We generally consider operatic performance to be one of singers with uncommonly rare voices offering vocal beauty and power, supported by a great orchestra, in productions featuring impressive and elaborate sets and delightful theatrical magic. But, what happens when an opera company decides to take another approach? What happens when one takes those same uncommonly rare singers and that same great orchestra and moves outside into the elements—hoping the audience will follow—all the while eschewing the benefits and comforts of an equipped theatre? Knoxville Opera did just that this weekend for two sold-out performances on a grand scale with its production of Mascagni’s Cavalleria Rusticana outside on the front steps of Knoxville’s Cathedral of the Most Sacred Heart of Jesus.

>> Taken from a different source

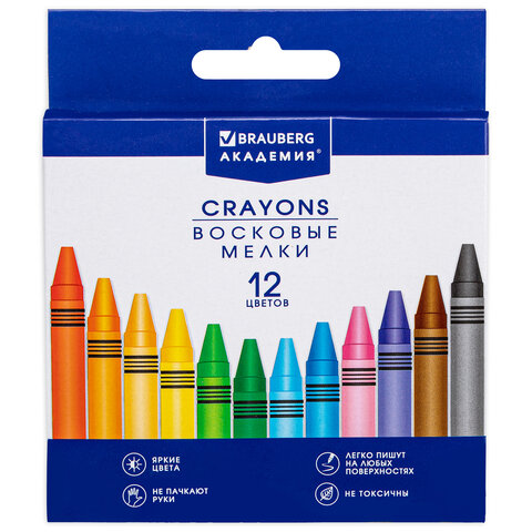Восковые мелки BRAUBERG "АКАДЕМИЯ", НАБОР 12 цветов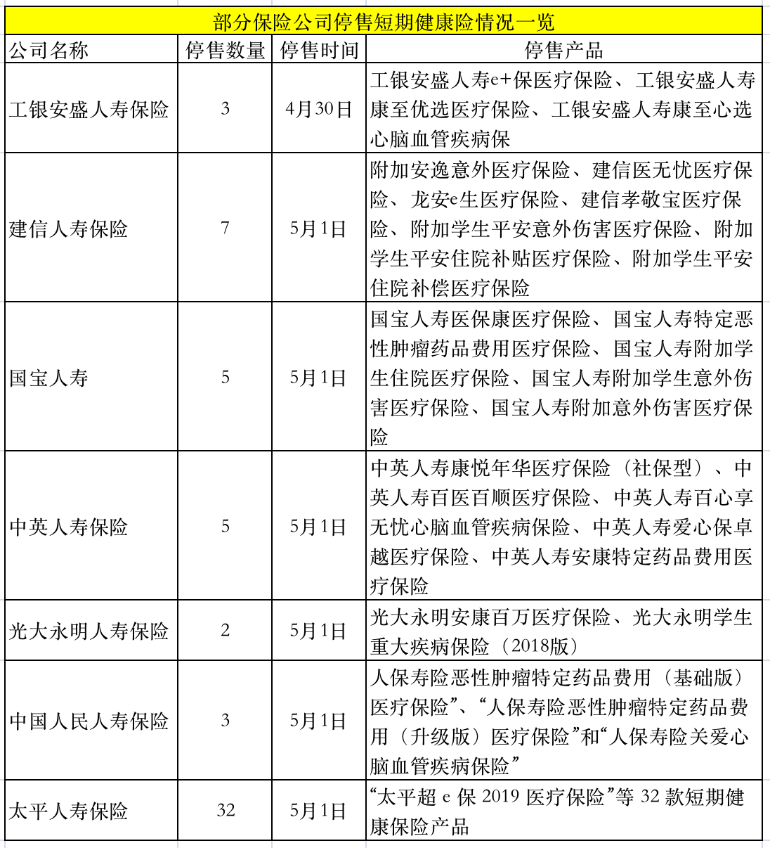 这些不合规的短期健康险产品大多在5月1日开始停售,但也有部分保险公司的产品在5月1日之前就已经下架。比如工银安盛人寿保险的3款产品在4月30日就开始停售。

For Saturday’s performance, the obvious question ‘what happens if it rains?’ became reality.
Of course, Cavalleria is a 75-minute one-act opera and is usually performed paired with another one-act—often, the fellow verismo churner, Leoncavallo’s Pagliacci. However, Knoxville Opera’s executive director Brian Salesky decided on another approach: precede Cavalleria with an operatically-tinged sacred music concert featuring the Knoxville Opera Chorus and soloists inside the architecturally stunning new cathedral.
Much like any of the grand, traditionally shaped cathedral naves of the world, this one assumes the role of performer as well as setting, its acoustics allowing voices and instruments to float ethereally due to the interior’s natural reverberation. In the concert’s opening number, mezzo-soprano Catherine Daniel, who would later appear as Santuzza in Cavalleria, was joined by violinist William Shaub, for the poignant “La Vergine degli Angeli” from Act II of Verdi’s La Forza del Destino. This piece, arranged to feature violin as well as soprano with chorus, was soothing and magical. Ms. Daniel also sang a beautiful “Ave Maria” from Verdi’s Otello.
While Mascagni is best known for the opera that was awaiting performance just outside, Salesky and company offered a prelude of sorts with segments from the composer’s Messa di Gloria. Mr. Shaub was featured in the “Elevazione”, a performance in which the piece’s natural romanticism was transformed into something quite sublime. Baritone Scott Bearden brought richness to the “Benedictus”; he was then joined by tenor Wayd Odle and the full chorus for an excellent and impressive “Gloria” as finale.
During the sacred music section inside the cathedral, the ever-dreaded rain began to fall outside, necessitating an extended intermission before the opera could begin. Miraculously, only a half-hour additional delay was needed before the rain had slacked off to an acceptable degree. With the audience taking seats around the church’s fountain and steps on three sides under tents, and with the Knoxville Symphony Orchestra and conductor Salesky under its own tent, Cavalleria Rusticana began.
The opera takes place in a small Italian village on Easter Day, appropriately on the square outside the village’s church. Key to the story is the Easter service in the church, with the opera’s characters, and the narrative of love and jealousy, introduced before the service, and the conclusion of violence and revenge taking place afterwards. The famous orchestral “Intermezzo” indicates the Easter service in progress. Brilliantly, Mascagni relied on the listener’s imagination to fill in the blanks.
However, grand ideas do not always turn out grandly. While one has to admire the staging of Dean Anthony, as well as the logistics and stage management in getting such a production off the ground, the very things that made this production a unique operatic adventure, were also the very things that prevented its true success. Street noise and the physical space required that the singers and orchestra had to be miked, necessitating a sound system and an attempt at an engineered audio balance—always a severe compromise to both. Sound from speakers arrived from deceptively wrong directions; sight lines for all but the front rows of audience seating were poor. This writer found himself a few rows in front of the orchestra with his view of the singers and the action totally obscured, hardly the way one wants to experience an opera.
Despite the physical negatives of artificial sound and a cast singing in rain that had returned, one could sense that these were excellent singers doing justice to verismo dramatics and Mascagni’s engaging score: tenor Richard Troxell as Turiddu, mezzo-soprano Catherine Daniel as Santuzza, Elizabeth Peterson as Lucia, baritone Scott Bearden as Alfio, and Allison Deady as Lola.
True highlights of the day were the KSO and their own miraculous balancing act, and the Knoxville Opera Chorus. Under chorus master Don Townsend, the KO Chorus not only projected a nicely balanced choral sound, but contributed a wonderful energy and theatricality to the background crowd scenes. The opera’s famous Easter Hymn, “Inneggiamo, il Signor non è morto,” was beautifully and joyously rendered.
Of course, the joy of an adventure often lies in the journey rather than in the destination. I’m guessing everyone—audience, singers, chorus, and crew—will have stories to tell of the Knoxville Opera Cavalleria Rusticana journey for some time to come.